SDLP’s last advantage lies in their cross community appeal…

Okay, I’m deliberately turning this one on its head, partly because the question raised in Ian Parsley’s post poses is more interesting that way. So for me, here’s the payload in Ian’s post:

The DUP has proven masterful at taking fairly narrow policy positions and giving them broad appeal; it seems to seek out certain chunks of the electorate and prioritise one particular set of policies to them. The UUP and SDLP, on the other hand, try to sell their policies broadly and thus get them picked off too easily by people opposed to them. That the DUP is now in a better position to attract Catholic votes than the UUP is a staggering example of the outcome of all of this; that the SDLP responds in such a way as to show it has no idea of its own position only perpetuates the situation.

The DUP is not about to attract tens of thousands of votes directly across from the SDLP. However, as it becomes less toxic it will continue to attract new votes from various places; most importantly of all, it will reduce the likelihood that other voters (of whatever communal background) will feel the particular need to come out and stop them – so the DUP will only need to keep the same number of votes overall to continue increasing its vote share.

That the SDLP doesn’t even recognise the challenge is symptomatic of its own ongoing demise.

So here comes the old switcheroo. Ironically, as Mark Devenport notes, the SDLP is the by far the most successful of the constitution-based parties at attracting transfers from ‘the other side’ (13% as opposed to 2.2% for Sinn Fein or 2% each for the DUP and the UUP in the opposite direction). That could be seen (and is seen by some) as a weakness. In fact, were the SDLP not still in long term falling trend, it might be seen as more as a strength.

Given, as Devenport also notes, the DUP are building from rock bottom (and are joined by the UUP who’s rate has fallen from 7% per cent nationalist transfers in 2007) at 2%, political unionism is paradoxically behind in the game of penetrating wider nationalist sympathies.
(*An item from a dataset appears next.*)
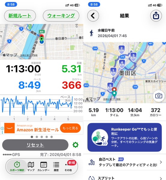今朝(20260401)は小雨の中を傘は差さずにキャップを被ってウォーキングをしました。

This is where I somewhat disagree with Ian’s case that the DUP might realistically take votes from the SDLP.

As well as being the highest recipient of cross community transfers (excepting for a moment the Alliance party ships them in big time from both ‘places’), SDLP voters are the most reluctant to ship their votes out. The people most likely to shift (broadly speaking that is) from nationalist to unionist preference, are those tens of thousands of middle class Catholics who have long since stopped voting for either of the two Nationalist parties.

Although I would caveat even that attenuated thought further by saying not voting is a bit like losing the habit of going to Mass on a Sunday, once you have lost the desire to register a preference in politics, it is not easy to take it up again. Some may resume by voting DUP at some point in the future, many more will simply be lost to the political game for good.

Finally, there is nothing inevitable about any of this. Except to say, that the SDLP can, like the UUP before them, throw away an innate cross community advantage (built up by the cross community polemic of Hume, Mallon etc) they can positively retain only if they heed Miyamoto Musashi’s sage advice that ‘in strategy it is important to see distant things as if they were close and to take a distanced view of close things.’